На майские праздники объявился в Трехозерске Никита Гладышев. Он разыскивал Симончуков. А потом несколько часов они разговаривали — Никита и Степан Матвеевич. О чем? Этого ни Лида, ни ее бабушка не знают. Единственное, что им было известно, — мнение Орешного, который сказал: “Хороший паренек. Толковый. Я ему про войну рассказывал. У него отец тоже вроде партизаном был. Альбом с фотографиями показывал…”
Я везу этот альбом в своем портфеле. После смерти Орешного альбом взяла к себе Лукерья Филипповна. Я обещал ей вернуть его. Мне пришлось сказать Лукерье Филипповне и Лидочке о смерти Никиты Гладышева. Обе долго плакали.
Во второй раз Никита приехал в Трехозерск вечером шестого мая. Известие о смерти Орешного потрясло юношу. Он все повторял: “А я ему привез очки, понимаете, привез очки!..” Никита был в таком состоянии, что Лукерья Филипповна уговорила его несколько дней погостить у них. Каждый день Никита ходил на кладбище и сидел у могильного холмика. Перед отъездом он сказал Лукерье Филипповне, что снова приедет и привезет деньги, а ее попросил, чтобы она договорилась с кем-нибудь о памятнике или мраморной плите. Спросил сколько это будет стоить. Лукерья Филипповна переговорила с одним мастером поторговалась. Сошлись на ста пятидесяти рублях.
Ну вот, разрешилась загадка с деньгами и очками. Но главное впереди: моя встреча с Федором Борисовичем Гладышевым. Во всяком случае дело подошло к концу.
23 мая 1978 года, вторник, 11 часов 45 минут
Выйдя на привокзальную площадь, я по телефону-автомату позвонил Федору Борисовичу на работу и сказал, что нам необходимо встретиться.
— Если вас не затруднит, — после небольшой паузы предложил он, — приезжайте ко мне на работу.
— Хорошо, — согласился я. — Буду через полчаса.

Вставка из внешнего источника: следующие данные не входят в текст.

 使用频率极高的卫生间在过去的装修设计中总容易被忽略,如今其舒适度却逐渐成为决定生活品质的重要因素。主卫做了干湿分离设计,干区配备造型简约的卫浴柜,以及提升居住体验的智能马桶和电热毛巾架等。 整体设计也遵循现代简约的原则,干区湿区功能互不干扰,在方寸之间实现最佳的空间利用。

Мы сидим с Федором Борисовичем за столом.
— Я только что вернулся из Трехозерска.
Он молча смотрит на меня.
— Ваш сын был там два раза, — продолжаю я, наблюдая за ним. — Причем последний раз он приезжал туда шестого мая, когда ваша жена была убеждена, что Никита гостит у Беленковых. Но он не был у Беленковых.
— Я знаю, — тихо говорит Федор Борисович, — вчера звонил Тихон Кузьмич и рассказал, что к ним приходил сотрудник милиции и интересовался Никитой.

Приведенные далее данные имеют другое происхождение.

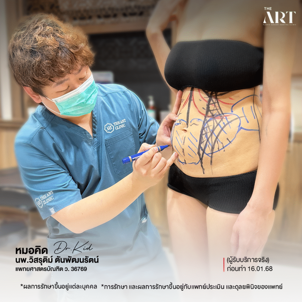 - ประเมินรูปร่างและแนวกล้ามเนื้อ เพื่อกำหนดตำแหน่งที่จะตกแต่งและดูดไขมัน
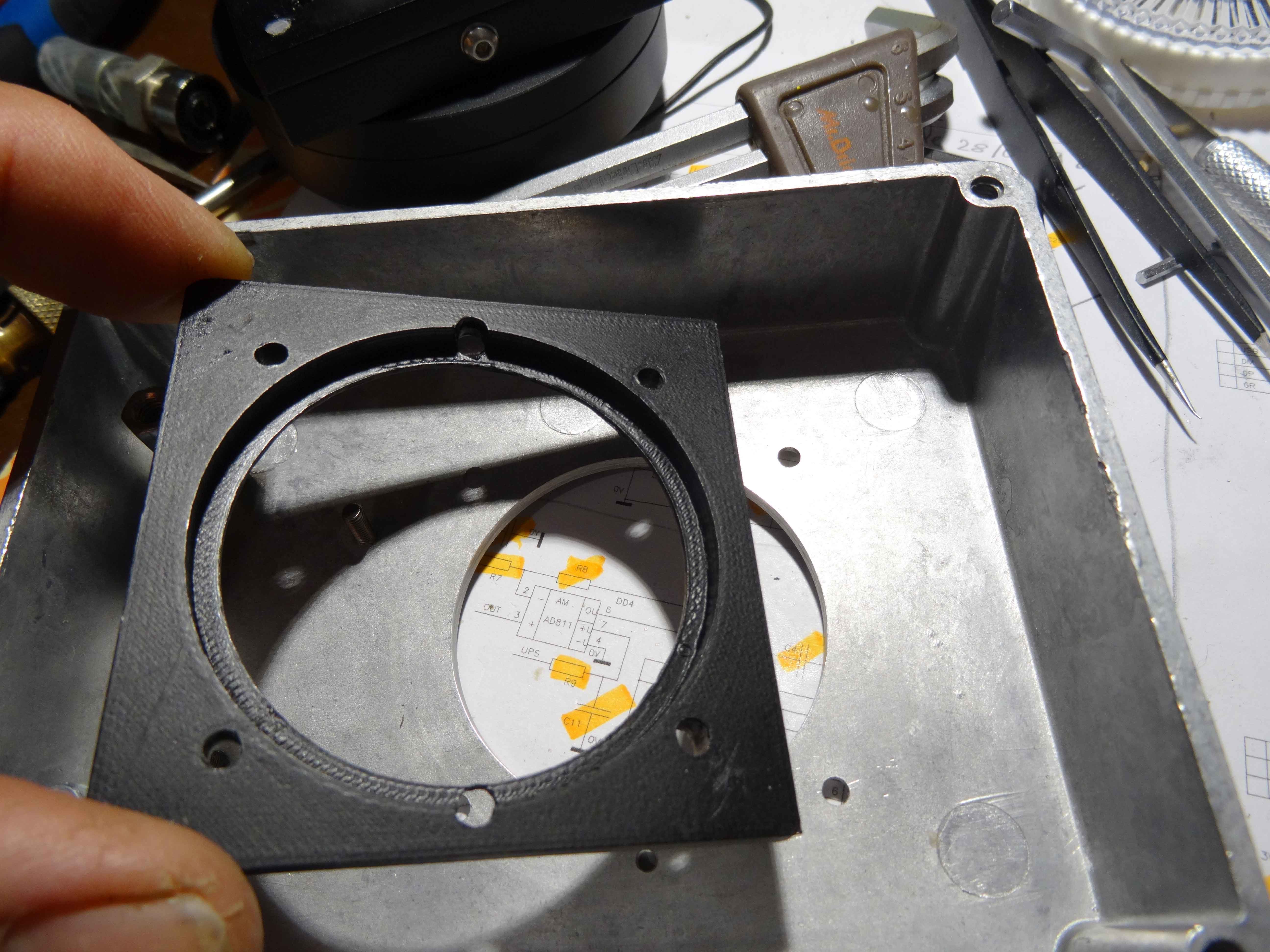 J'ai fabriqué une cale d'épaisseur en 3D pour récupérer la hauteur de dépassement de la bague du hublot...( voir sur les photos précédentes)
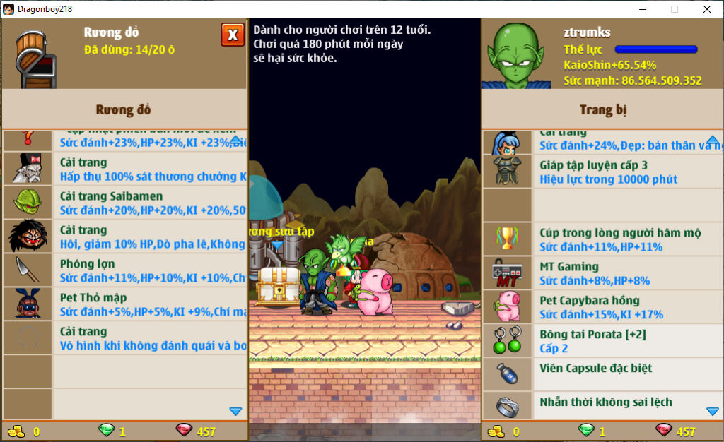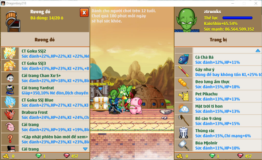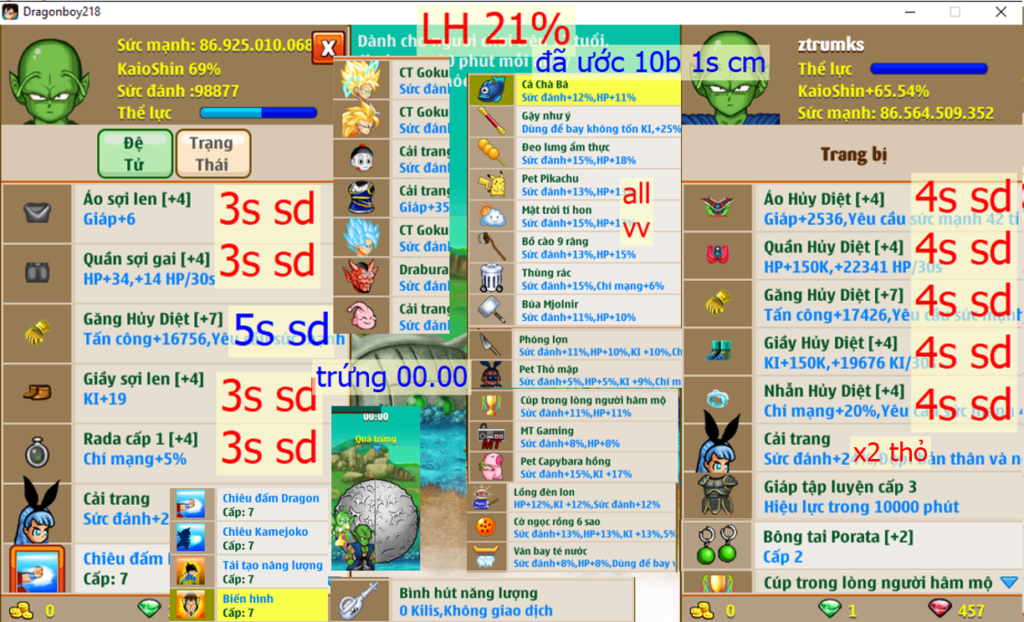 - Ms 6383 – Nameck 53ti dt 52ti (đệ full 26k sdg), LH 13%, x2 găng hd c7 5s4s, btc2 zin, csdb, giáp c2, cờ nr 6s, ván té nước, pet #pikachu, ct arale chống lạnh, ct janemba, ct caulifla, frost 1, vh, tiểu đội trưởng,

— Верно, — киваю я. — Лейтенант Самсонов. Он выл у Беленковых по моему поручению.
— Я так и понял. Простите, Дмитрий Васильевич, но вам удалось узнать почему, зачем и к кому ездил Никита в Трехозерск?
Не отвечая на его вопрос, я открыл портфель и достал из него альбом покойного Степана Матвеевича Орешного. Раскрыл на закладке и взял фотографию, на которой были изображены три бородатых партизана с автоматами в руках. На груди каждого — по ордену Красной Звезды.
Я протянул фотографию Гладышеву. Он взглянул на нее и застыл, пораженный, изумленный до крайности.
— Федор Борисович, мне показалось, что крайний слева вы. Правильно?
— Да, это я, — пробормотал он.
— А кто двое остальных?
— Крайний справа — Харитон Гусев. А рядом со мной — Степан Орешный.
— У вас тоже имеется такая фотография?
— Да.
— В связи с чем и когда был сделан этот снимок? — Так уж получилось что наш разговор скорее напоминал допрос.
— В канун двадцать пятой годовщины Красной Армии несколько партизан нашего отряда, в том числе и я, были награждены боевыми орденами и медалями. Нас троих наградили орденом Красной Звезды. Прилетел фотокорреспондент газеты “Красная звезда”. Мы попросили его сфотографировать нас троих на память.
— А как сложилась судьба Гусева и Орешного? Вам что-нибудь известно о них?
— Гусев, — помолчав сказал Федор Борисович, — вскоре погиб, подорвался на мине. А Степан Орешный…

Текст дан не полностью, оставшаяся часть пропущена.